— WHAT THE EXERCISE ASKS —
Print the lines below from the line with "This New Era" to the line with "(a⁶+4a³-4a³-16)-(a⁶-12a³+36)= a⁶-16-a⁶+12a³-36= 12a²-52" exactly, keeping both ends, and print no pictures.

— RECORDS PROVIDED —
● ● ● ● ●
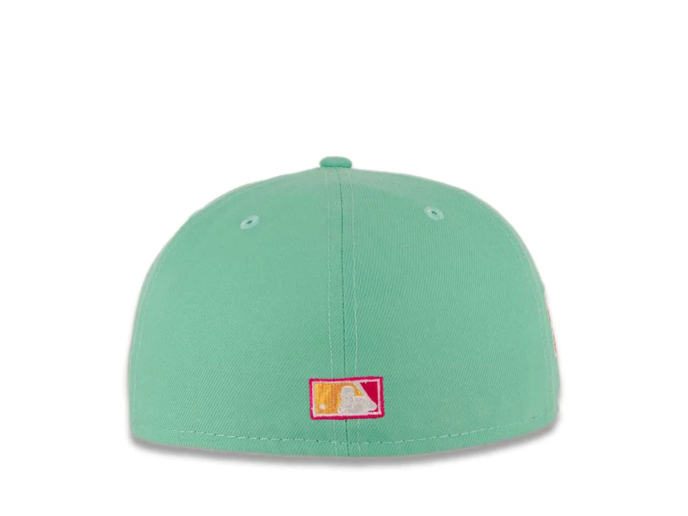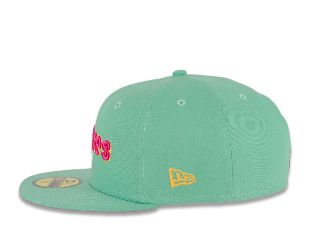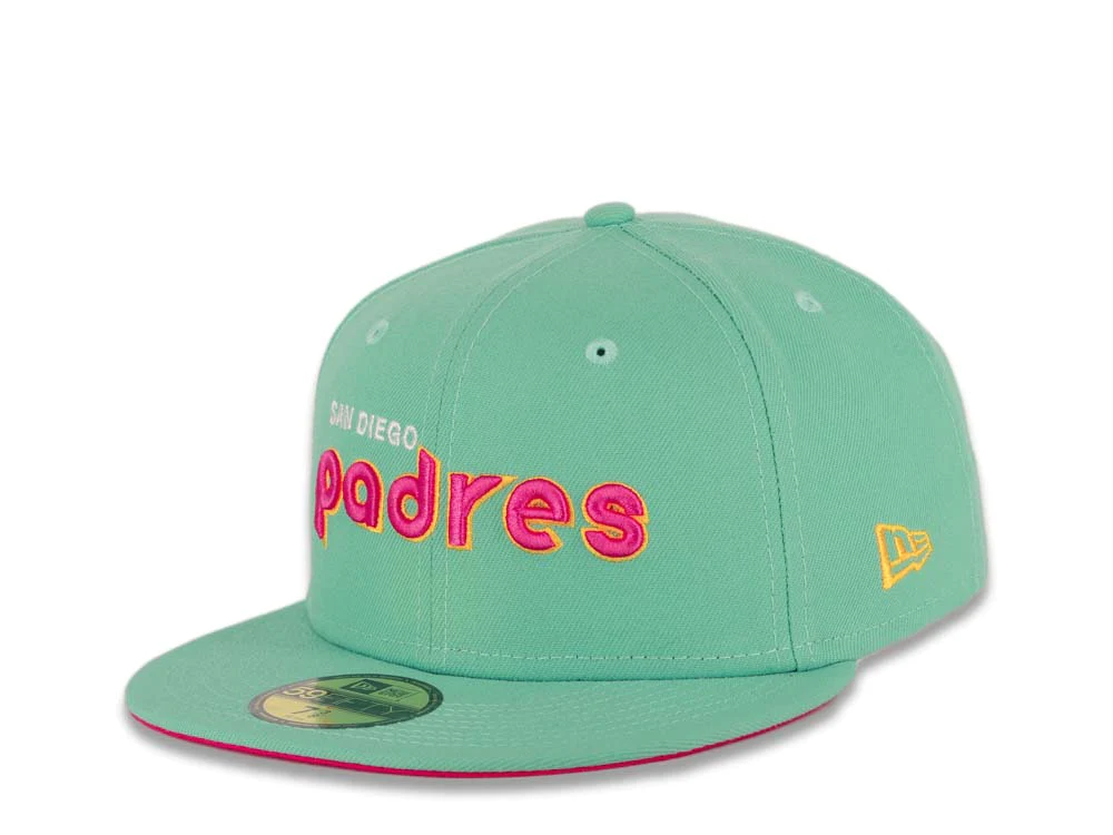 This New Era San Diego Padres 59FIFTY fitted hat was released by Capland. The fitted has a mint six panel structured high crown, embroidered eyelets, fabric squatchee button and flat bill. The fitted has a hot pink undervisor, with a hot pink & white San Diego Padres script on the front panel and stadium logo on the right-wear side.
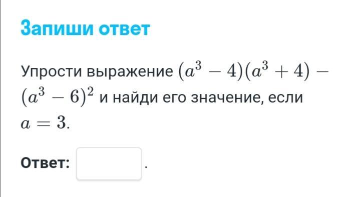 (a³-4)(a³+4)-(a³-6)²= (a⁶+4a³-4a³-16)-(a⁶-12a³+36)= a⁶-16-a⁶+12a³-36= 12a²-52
● ● ● ● ●
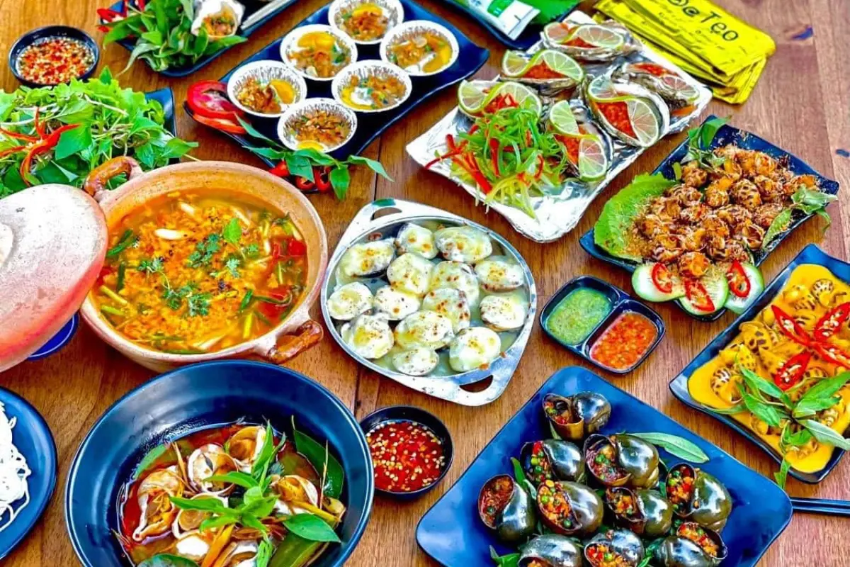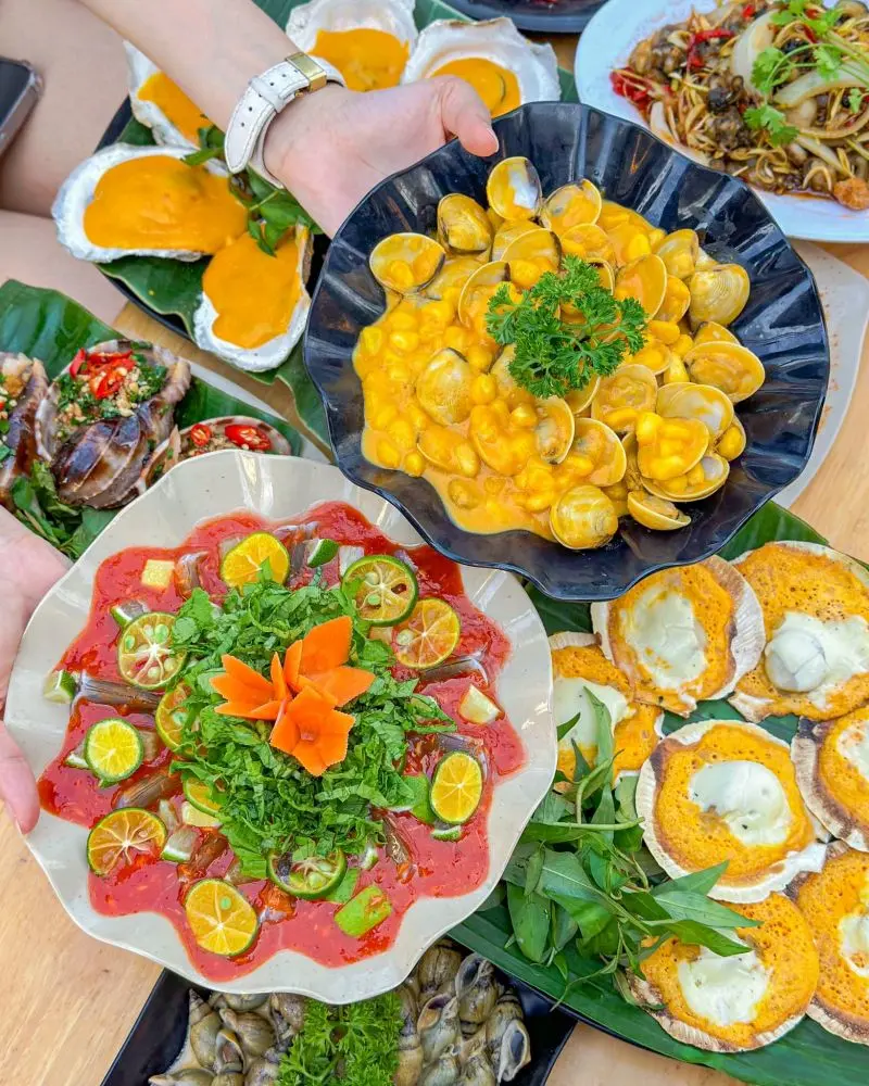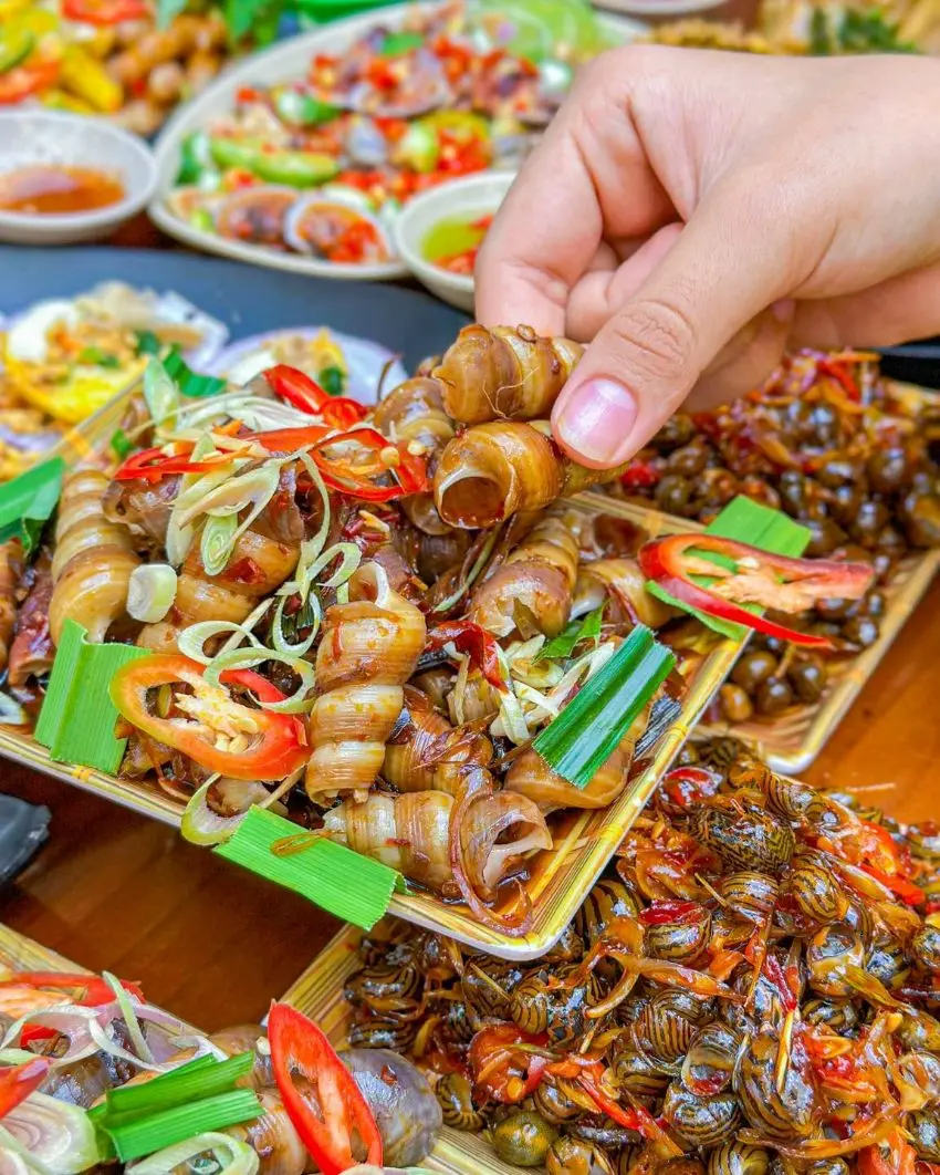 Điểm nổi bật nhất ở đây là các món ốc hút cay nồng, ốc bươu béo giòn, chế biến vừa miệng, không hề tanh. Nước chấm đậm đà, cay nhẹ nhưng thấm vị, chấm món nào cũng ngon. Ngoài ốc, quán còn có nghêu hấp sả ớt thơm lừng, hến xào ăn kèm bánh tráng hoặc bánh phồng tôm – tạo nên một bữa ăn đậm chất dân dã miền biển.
● ● ● ● ●
— FINAL ANSWER —
 This New Era San Diego Padres 59FIFTY fitted hat was released by Capland. The fitted has a mint six panel structured high crown, embroidered eyelets, fabric squatchee button and flat bill. The fitted has a hot pink undervisor, with a hot pink & white San Diego Padres script on the front panel and stadium logo on the right-wear side.
 (a³-4)(a³+4)-(a³-6)²= (a⁶+4a³-4a³-16)-(a⁶-12a³+36)= a⁶-16-a⁶+12a³-36= 12a²-52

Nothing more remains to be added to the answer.